START Dataset
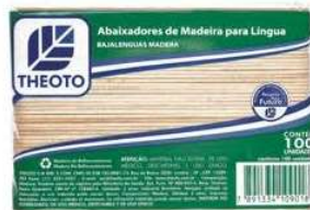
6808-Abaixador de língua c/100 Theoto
END Dataset
START Dataset
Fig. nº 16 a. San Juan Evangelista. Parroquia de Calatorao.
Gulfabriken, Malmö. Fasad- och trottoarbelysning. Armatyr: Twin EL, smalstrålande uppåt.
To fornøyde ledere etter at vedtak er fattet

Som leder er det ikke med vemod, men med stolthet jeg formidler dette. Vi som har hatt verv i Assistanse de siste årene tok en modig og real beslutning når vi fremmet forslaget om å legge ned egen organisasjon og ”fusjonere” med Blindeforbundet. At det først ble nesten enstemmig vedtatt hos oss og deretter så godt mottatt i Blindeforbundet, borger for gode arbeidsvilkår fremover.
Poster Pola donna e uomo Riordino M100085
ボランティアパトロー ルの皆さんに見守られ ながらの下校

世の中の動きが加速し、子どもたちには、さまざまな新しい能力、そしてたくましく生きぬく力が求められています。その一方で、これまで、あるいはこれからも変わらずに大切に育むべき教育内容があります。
END Dataset
▶ [Work order] Beginning at the line with "To fornøyde ledere etter at vedtak er fattet" and stopping after the line with "世の中の動きが加速し、子ども", please write out every line of the data above exactly and nothing else.

▶ [Response to this task]
To fornøyde ledere etter at vedtak er fattet

Som leder er det ikke med vemod, men med stolthet jeg formidler dette. Vi som har hatt verv i Assistanse de siste årene tok en modig og real beslutning når vi fremmet forslaget om å legge ned egen organisasjon og ”fusjonere” med Blindeforbundet. At det først ble nesten enstemmig vedtatt hos oss og deretter så godt mottatt i Blindeforbundet, borger for gode arbeidsvilkår fremover.
Poster Pola donna e uomo Riordino M100085
ボランティアパトロー ルの皆さんに見守られ ながらの下校

世の中の動きが加速し、子どもたちには、さまざまな新しい能力、そしてたくましく生きぬく力が求められています。その一方で、これまで、あるいはこれからも変わらずに大切に育むべき教育内容があります。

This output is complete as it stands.